Retrieve dataset destination information.

Parameters:

destination_idint: The dataset destination id as registered in the dataset API.

get_dataset_destination_id(name: str) → int¶: Get the dataset destination id from its name.

get_dataset_details(destination_id: int) → DatasetDetails¶

Retrieve dataset schema and long description.

Parameters:

destination_idint: The dataset destination id as registered in the dataset API.

get_dataset_name(destination_id: int) → str¶: Create a unique display name for a dataset.

list_data_groups() → list[str]¶: List all available data groups.

list_dataset_destinations() → list[int]¶: List all available dataset destinations.

Client Protocols¶

Implementation of the ClientProtocol for the different data sources.
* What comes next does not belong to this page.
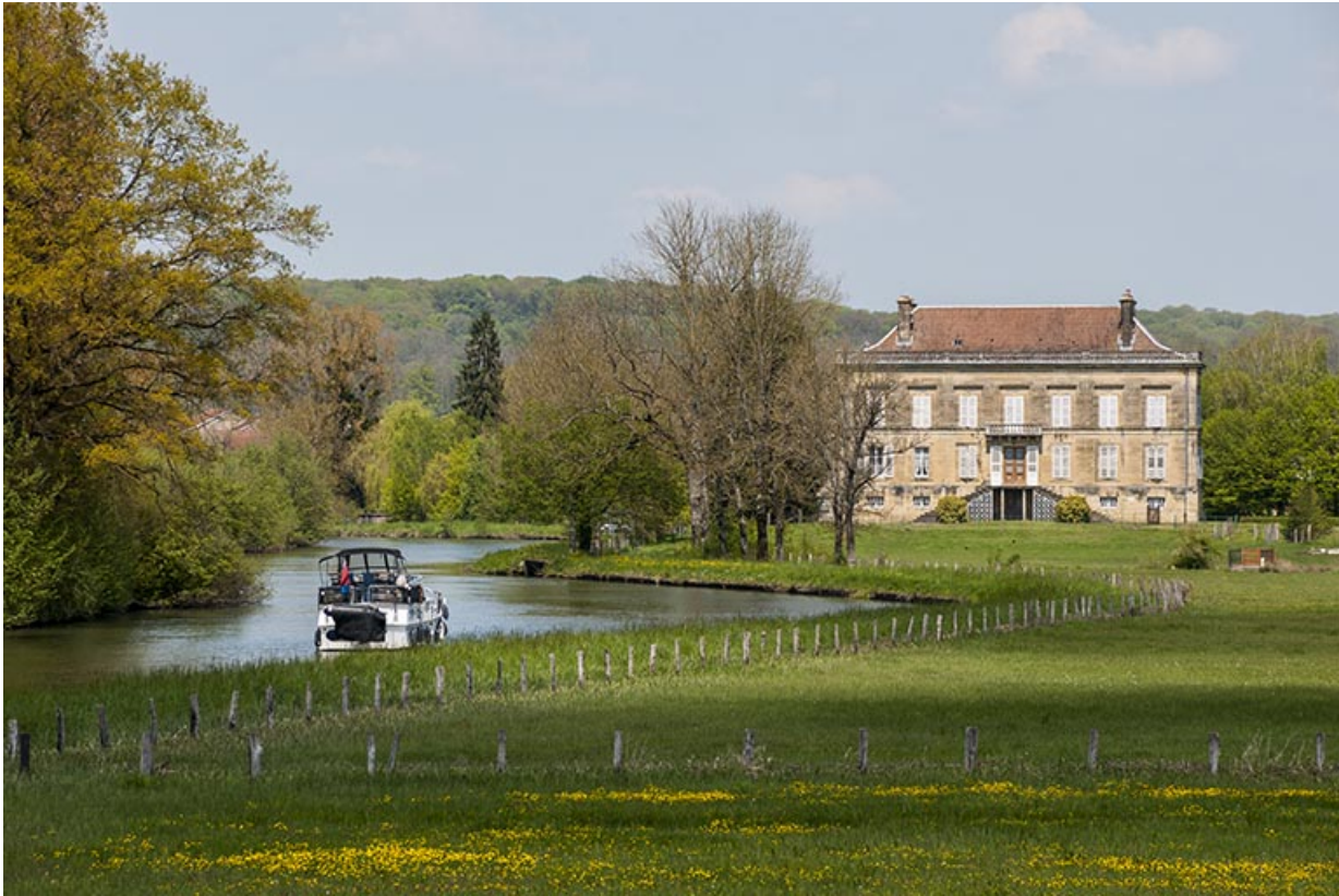
Le château, longé par la Saône.

These classes should not be instantiated directly.

ClickHouseClient¶

class algoseek_connector.clickhouse.ClickHouseClient(client: Client)¶

Manage dataset retrieval from ClickHouse DB.

Parameters:

clientclickhouse_connect.Client

Methods

create_function_handle:	Create a FunctionHandle instance.
execute:	Execute raw SQL queries.
download:	Not Implemented.
fetch:	Retrieve data in Python native format using `sqlalchemy.sql.selectable.Select`.
fetch_iter:	Retrieve data in Python native format using `sqlalchemy.sql.selectable.Select`. Stream results.
fetch_dataframe:	Retrieve data as a Pandas DataFrame using `sqlalchemy.sql.selectable.Select`.
fetch_iter_dataframe:	Retrieve data as a Pandas DataFrame using `sqlalchemy.sql.selectable.Select`. Stream results.
list_datagroups:	List available data groups.
list_datasets:	List available datasets.
get_dataset_columns:	Create a list of `sqlalchemy.Column` for a dataset.
compile:	Converts a `sqlalchemy.sql.selectable.Select` into a
Store_to_s3:	Store query results into a S3 object.

compile(stmt: Select, **kwargs) → CompiledQuery¶: Convert a stmt into an SQL string.

create_function_handle() → FunctionHandle¶: Get a FunctionHandler instance.

download(dataset: str, download_path: Path, date: date | str | tuple[date | str, date | str], symbols: str | list[str], expiration_date: date | str | tuple[date | str, date | str])¶: Not implemented.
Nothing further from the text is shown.